Wyloo Metals Pty Ltd (“Wyloo Metals”) is pleased to announce it has reached an agreement with Noront Resources Ltd. (TSXV:NOT) (“Noront”) and formalized its offer to Noront shareholders as part of a comprehensive strategy to develop the Ring of Fire as a world-class Future Metals Hub.
Wyloo Metals’ superior offer is distinguished by several factors including offering shareholders true optionality alongside a superior cash offer. Pursuant to a statutory Plan of Arrangement under the Business Corporation Act (Ontario), each Noront shareholder will be given the option of (i) accepting cash consideration of Cdn$0.70 per share for some or all of their shares, and (ii) continuing to participate in Noront’s unrealized potential by remaining as a shareholder (the “Wyloo Offer”).
Wyloo Metals’ strategy will also see Noront revitalized under the leadership of a world-class Board of Directors led by Dr. Andrew Forrest AO, who has an unparalleled track record in the development of remote mining projects and a proud and continuing legacy of partnering with Indigenous and local communities. Dr. Forrest led Fortescue Metals Group (ASX: FMG) from a junior mining exploration company to one of the world’s largest mining companies.
Battery and hydrogen technologies are unleashing the full potential of renewable energy by making it available when and where it is required. These technologies, and the critical metals that they are built from, will positively impact future generations in ways we cannot yet imagine.
The Ring of Fire is home to expansive deposits of these metals and is ideally located near downstream markets, presenting a once-in-a-generation opportunity to transform Canada into a critical metals powerhouse.
Only Wyloo Metals’ offer provides shareholders with the opportunity to share in that journey.
There are four aspects of the Wyloo Offer that make it superior to the offer made by BHP Western Mining Resources International Pty Ltd (“BHP”):
The underlying mineral value of the Ring of Fire is immense and, when developed, will support a multi-generational, critical metal mining district.
Rather than forcing an all-or-nothing outcome upon Noront shareholders, the Wyloo Offer is a flexible proposal that allows shareholders to elect their preferred level of retained exposure to the immense future value of the Ring of Fire, while also providing an option to crystallize immediate cash value.

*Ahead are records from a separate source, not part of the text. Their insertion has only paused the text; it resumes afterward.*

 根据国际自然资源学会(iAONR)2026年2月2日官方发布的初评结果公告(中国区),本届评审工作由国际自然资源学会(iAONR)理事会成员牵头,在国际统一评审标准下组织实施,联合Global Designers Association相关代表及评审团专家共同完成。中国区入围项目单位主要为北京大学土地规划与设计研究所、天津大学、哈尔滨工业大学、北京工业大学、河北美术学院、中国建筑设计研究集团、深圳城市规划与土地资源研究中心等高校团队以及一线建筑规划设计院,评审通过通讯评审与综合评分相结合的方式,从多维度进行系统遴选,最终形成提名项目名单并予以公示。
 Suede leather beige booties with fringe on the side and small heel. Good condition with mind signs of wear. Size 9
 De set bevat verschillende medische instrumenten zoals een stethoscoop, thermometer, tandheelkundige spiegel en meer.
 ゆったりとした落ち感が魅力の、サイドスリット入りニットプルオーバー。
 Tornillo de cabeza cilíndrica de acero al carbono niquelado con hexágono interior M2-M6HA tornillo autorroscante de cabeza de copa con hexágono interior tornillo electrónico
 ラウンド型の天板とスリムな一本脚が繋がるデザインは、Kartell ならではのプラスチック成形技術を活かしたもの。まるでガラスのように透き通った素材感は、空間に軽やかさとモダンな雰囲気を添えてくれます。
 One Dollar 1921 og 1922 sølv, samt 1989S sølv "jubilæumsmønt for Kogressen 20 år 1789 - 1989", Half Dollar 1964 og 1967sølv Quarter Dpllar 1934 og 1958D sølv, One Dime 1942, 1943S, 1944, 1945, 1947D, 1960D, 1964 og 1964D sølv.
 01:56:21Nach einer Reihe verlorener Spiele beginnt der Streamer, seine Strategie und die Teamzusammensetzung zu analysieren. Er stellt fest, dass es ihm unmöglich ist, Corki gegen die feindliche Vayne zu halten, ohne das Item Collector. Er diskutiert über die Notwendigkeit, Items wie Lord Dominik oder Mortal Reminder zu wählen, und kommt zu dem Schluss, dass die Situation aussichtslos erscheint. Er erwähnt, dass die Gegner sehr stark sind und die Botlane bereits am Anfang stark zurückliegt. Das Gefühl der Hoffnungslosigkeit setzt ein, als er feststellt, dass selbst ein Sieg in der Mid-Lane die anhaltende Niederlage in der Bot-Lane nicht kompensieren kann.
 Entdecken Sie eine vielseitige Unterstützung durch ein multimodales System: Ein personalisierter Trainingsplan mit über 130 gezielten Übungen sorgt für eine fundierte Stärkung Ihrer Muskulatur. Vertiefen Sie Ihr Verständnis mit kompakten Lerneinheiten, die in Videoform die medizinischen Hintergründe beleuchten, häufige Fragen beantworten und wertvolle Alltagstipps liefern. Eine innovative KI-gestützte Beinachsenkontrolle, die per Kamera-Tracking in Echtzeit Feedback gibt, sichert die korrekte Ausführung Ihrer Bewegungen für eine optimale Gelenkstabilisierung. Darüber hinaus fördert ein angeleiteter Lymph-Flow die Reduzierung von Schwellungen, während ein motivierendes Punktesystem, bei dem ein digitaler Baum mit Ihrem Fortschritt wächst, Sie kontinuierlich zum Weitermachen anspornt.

The Noront Board of Directors has unanimously determined that the Wyloo Offer is superior. Consideration of Cdn$0.70 in cash per share represents a 192% premium to Noront’s unaffected closing price on May 21, 2021 and a 27% premium to the BHP offer of Cdn$0.55 in cash per share.

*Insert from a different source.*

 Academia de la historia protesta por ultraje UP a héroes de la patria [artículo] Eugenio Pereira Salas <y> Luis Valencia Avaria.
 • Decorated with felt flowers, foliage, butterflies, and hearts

Noront shareholders holding an aggregate of 10.3% of Noront’s common shares on a fully diluted basis, including certain Noront directors and senior management, will enter into lock-up agreements under which they agree to vote in support of the Plan of Arrangement. Together with Wyloo Metals, holders of 45.7% of Noront’s common shares on a fully diluted basis are supportive of the Wyloo Offer.
Wyloo Metals does not intend to support any alternate offers for Noront. Without the support of Wyloo Metals’ 37.2% direct interest in Noront, a competing plan of arrangement cannot be successful and a competing take-over bid will be unlikely to meet any minimum tender condition.
Noront will be revitalized under the leadership of a new Board of Directors, featuring some of the world’s most experienced mining leaders who are committed to deliver Noront’s true potential to its shareholders.
Wyloo Metals is the only bidder that can deliver this unique combination of benefits to Noront shareholders.
“The Ring of Fire is a long-term mining district with a present-day value that is impossible to accurately quantify. Only the Wyloo Offer can provide Noront shareholders with comfort in the knowledge that they have received sufficient optionality and value for their ownership of Canada’s next great mineral hub.”
Luca Giacovazzi, Head of Wyloo Metals
Completion of the Wyloo Offer is expected to occur in December 2021. The Wyloo Offer is subject to BHP’s right to match period of 5 business days.
Wyloo Metals has engaged Maxit Capital LP to act as its financial advisor and McCarthy Tétrault LLP to act as its legal advisor. Shorecrest Group has also been engaged to act as Wyloo Metals’ strategic communications advisor and proxy solicitation and information agent.